BB3B  was an animated UK children's television series produced by Tell-Tale Productions in 2005. The entire series consists of thirteen episodes of twenty minutes each. It is shown on CBBC in the UK and ABC Kids in Australia. It first went on air in 2005.

It was created by Iain Lauchlan and Will Brenton, who also created and produced Tweenies, Boo!, Fun Song Factory and Jim Jam and Sunny.

Plot
The series centres on the life of twin children, a brother and sister, Lucy and Louie, and their fears about their new baby brother, Billy Bob. BB3B actually stands for Billy Bob 3rd Baby. The plot generally involves a circumstance where the twins suspect the brother as usual of being an extraterrestrial, and they go on a wild adventure trying to prove it and stop him from launching an invasion. The twins are babysat by Chubba, a teenage boy with a fondness for pizza. Chubba often goes along with the idea of an alien brother, sometimes very seriously, and at one point he cracks and tells the parents of the twins plans to build a time machine. The show is set in the fictional American city of Sunnyfield, which is shown as having a central urban area and outer suburban area, the latter being the home of the family portrayed. The twins' grandmother lives in a trailer in the house's front garden.

Details
Each episode begins with the local postman attempting to deliver a piece of mail to the family mailbox. This ends in him being disfigured or attacked somehow by some strange force within the box – for instance, being turned into a fish. He reappears sometimes later in the episode. The first time he appears is followed by the opening credits.

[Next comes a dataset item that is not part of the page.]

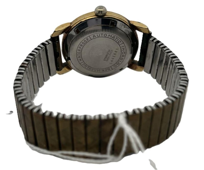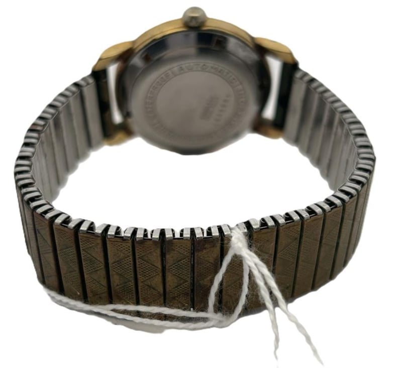 NIVADA WATERPROOF AUTOMATIC 17 JEWELS VINTAGE WATCH, GOLD-TONE DIAL WITH NUMERICAL/POINTED BATON HOUR MARKERS, CASE MEASURES 34MM, SWISS MADE, INCABLOC AUTOMATIC MOVEMENT, WATERPROOF/NON MAGNETIC, BRASS-TONE (GOLD PLATING WORN OFF) STAINLESS STEEL STRETCH BRACELET, CIRCA 1960'S.Condition: Good - Refer To Images997339+153

The series is set in America, where, according to the plot, the father's mother moved from Rochdale, a town in Greater Manchester. The children's grandmother has affections for the man who lives across the street, Mr. Wienburger, and there is a running gag in that his face is never visible; the viewer seeing either just a silhouette or the back of his head.

The Sprogs are baby-like creatures who emit green foul smelling gas. The series never features a real invasion, though it does go across the threshold of science fiction from reality when the postman appears during the episode and at the end the Sprogs always appear to be coming towards the Earth, however generally the theories of the twins are disproved.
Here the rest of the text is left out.